What Happens When Myelin Is Damaged
Because two different glial cell types produce myelin in different parts of the nervous system, diseases that attack myelin tend to be location-specific. Multiple sclerosis (MS) is a CNS disease in which the immune system targets oligodendrocyte-produced myelin in the brain and spinal cord. The immune response attacks myelin basic protein, one of the key structural proteins holding the sheath together. Guillain-Barré syndrome (GBS) targets the PNS instead, with immune cells damaging Schwann cell myelin on peripheral nerves. About 90 percent of GBS cases in Western countries involve inflammatory demyelination of peripheral nerves, often triggered by a preceding bacterial infection.
Both conditions cause similar downstream problems: when myelin breaks down, signals slow or fail to conduct at all, leading to weakness, numbness, or loss of coordination depending on which nerves are affected.
Myelin Repair Differs by Location
One of the most clinically significant differences between these two glial cell types is their capacity for repair. In the peripheral nervous system, Schwann cells are remarkably good at rebuilding. After nerve damage, immune cells enter the injury site and help Schwann cells break down fragmented myelin debris. The Schwann cells then begin dividing and form tubular structures that act as guides for regrowing nerve fibers. Once new axons extend through these tubes, Schwann cells re-wrap them with fresh myelin.
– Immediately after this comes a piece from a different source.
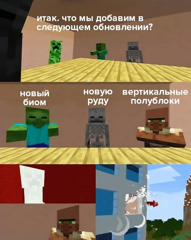 Всем привет! С вами снова блок майнкрафта и сейчас вы увидите ещё один десяток мемов по майнкрафту! Поехали! Крипер видимо согласился со скелетом(если они думали над релизом 1.17). Я если честно ничего не понял Если за мной гонится алмазник,я сразу пишу админу,либо же ударяю его рукой и выхожу с сервера O no!O no!O no no no no no!! Полностью согласен! Без комментариев И снова без комментариев Перевод: Время идти!Я был хорошей игрой?Стоп...Подожди-ка...Прости,ошибся игрой. 🤣🤣🤣🤣🤣🤣🤣😂🤣🤣 Жизненно! Снова и снова без комментариев. Ну не... Кварц это нужная вещь! Например для постройки хайтек дома! Согласен! У него такие цены!!! А я думал что они думают что мы работаем на них!Они же такую мелочь предлагают за нужные вещи!А они ещё возмущаются! Тупой пиглин! Ну на этом все! С вами был Блок_майнкрафта и всем пока!

The central nervous system tells a very different story. Oligodendrocytes have some capacity for remyelination, but the CNS environment actively works against it. After injury, astrocytes form dense scar tissue that physically blocks regrowth, and oligodendrocytes themselves produce signals that inhibit axon extension. This is a major reason why conditions like MS cause progressive, often irreversible damage, while peripheral nerve injuries frequently recover meaningful function over time.